→ Problem: Could you print exactly the lines of the listing below, starting at the line that has "针对这一问题,研究者提出了最佳适配打包 (Best-fit Packing)。" and ending at the line that has "American Touristerin logolla", and only those lines?

→ Records shown:
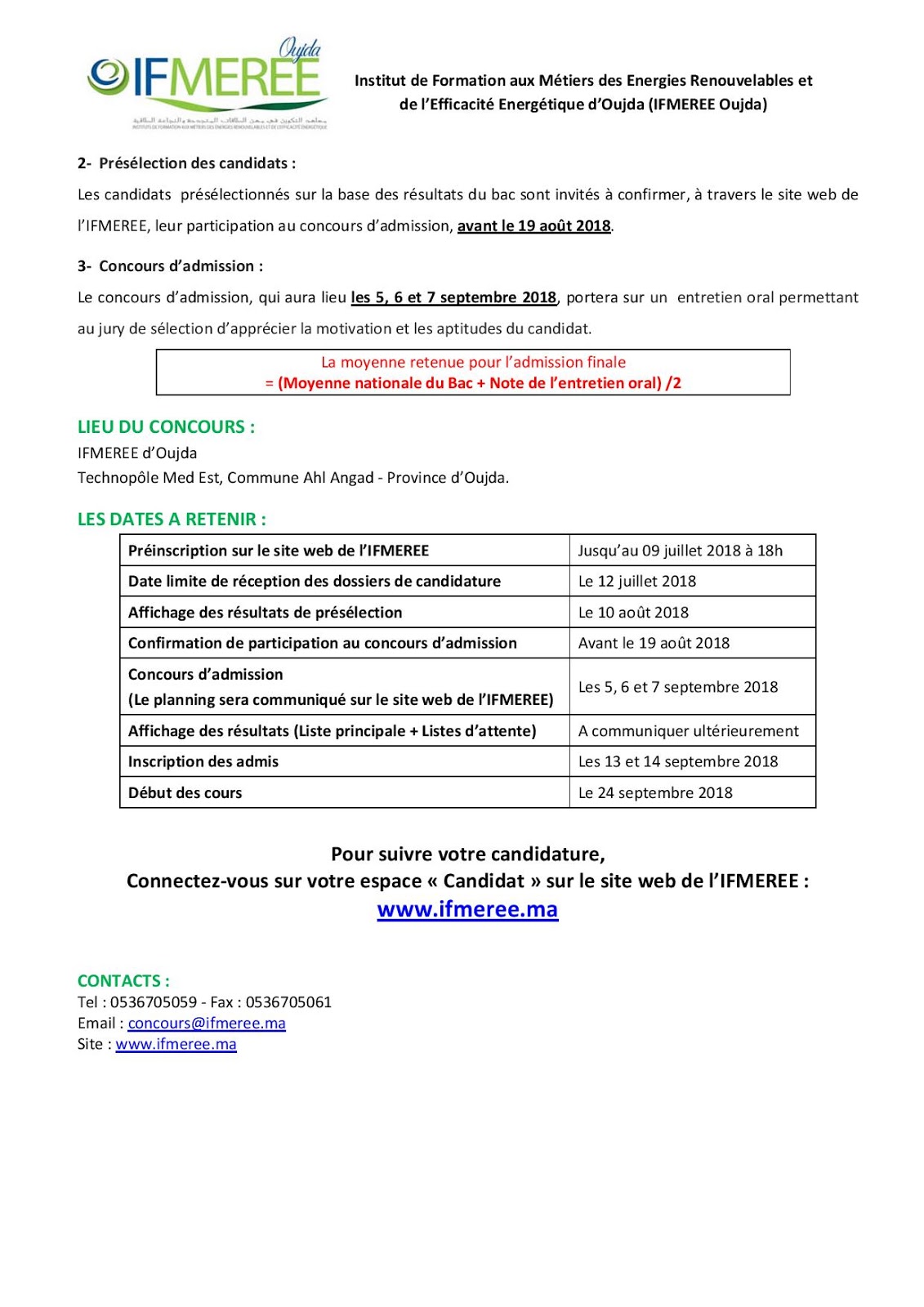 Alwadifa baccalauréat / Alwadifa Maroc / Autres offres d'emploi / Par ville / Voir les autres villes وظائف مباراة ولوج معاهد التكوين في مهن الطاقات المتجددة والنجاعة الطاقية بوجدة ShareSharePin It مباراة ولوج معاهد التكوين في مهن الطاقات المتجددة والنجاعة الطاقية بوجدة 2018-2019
==
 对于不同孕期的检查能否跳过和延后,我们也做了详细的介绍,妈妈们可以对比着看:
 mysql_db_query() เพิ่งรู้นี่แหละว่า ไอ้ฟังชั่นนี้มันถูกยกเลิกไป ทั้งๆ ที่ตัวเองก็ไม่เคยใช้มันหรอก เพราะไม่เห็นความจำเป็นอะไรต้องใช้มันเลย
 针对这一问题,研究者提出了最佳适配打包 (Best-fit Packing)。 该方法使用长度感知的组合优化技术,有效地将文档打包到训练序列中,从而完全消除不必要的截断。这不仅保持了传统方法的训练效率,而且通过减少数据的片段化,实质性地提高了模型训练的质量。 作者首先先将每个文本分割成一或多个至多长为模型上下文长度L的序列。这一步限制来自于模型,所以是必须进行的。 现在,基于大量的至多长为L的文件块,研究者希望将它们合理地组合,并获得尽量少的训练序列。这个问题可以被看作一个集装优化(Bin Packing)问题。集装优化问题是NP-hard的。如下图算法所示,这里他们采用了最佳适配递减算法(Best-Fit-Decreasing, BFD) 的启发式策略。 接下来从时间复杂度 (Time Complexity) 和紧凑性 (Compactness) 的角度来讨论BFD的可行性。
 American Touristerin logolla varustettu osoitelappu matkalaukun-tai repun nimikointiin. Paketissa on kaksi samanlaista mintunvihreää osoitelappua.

→ Exercise response:
 针对这一问题,研究者提出了最佳适配打包 (Best-fit Packing)。 该方法使用长度感知的组合优化技术,有效地将文档打包到训练序列中,从而完全消除不必要的截断。这不仅保持了传统方法的训练效率,而且通过减少数据的片段化,实质性地提高了模型训练的质量。 作者首先先将每个文本分割成一或多个至多长为模型上下文长度L的序列。这一步限制来自于模型,所以是必须进行的。 现在,基于大量的至多长为L的文件块,研究者希望将它们合理地组合,并获得尽量少的训练序列。这个问题可以被看作一个集装优化(Bin Packing)问题。集装优化问题是NP-hard的。如下图算法所示,这里他们采用了最佳适配递减算法(Best-Fit-Decreasing, BFD) 的启发式策略。 接下来从时间复杂度 (Time Complexity) 和紧凑性 (Compactness) 的角度来讨论BFD的可行性。
 American Touristerin logolla varustettu osoitelappu matkalaukun-tai repun nimikointiin. Paketissa on kaksi samanlaista mintunvihreää osoitelappua.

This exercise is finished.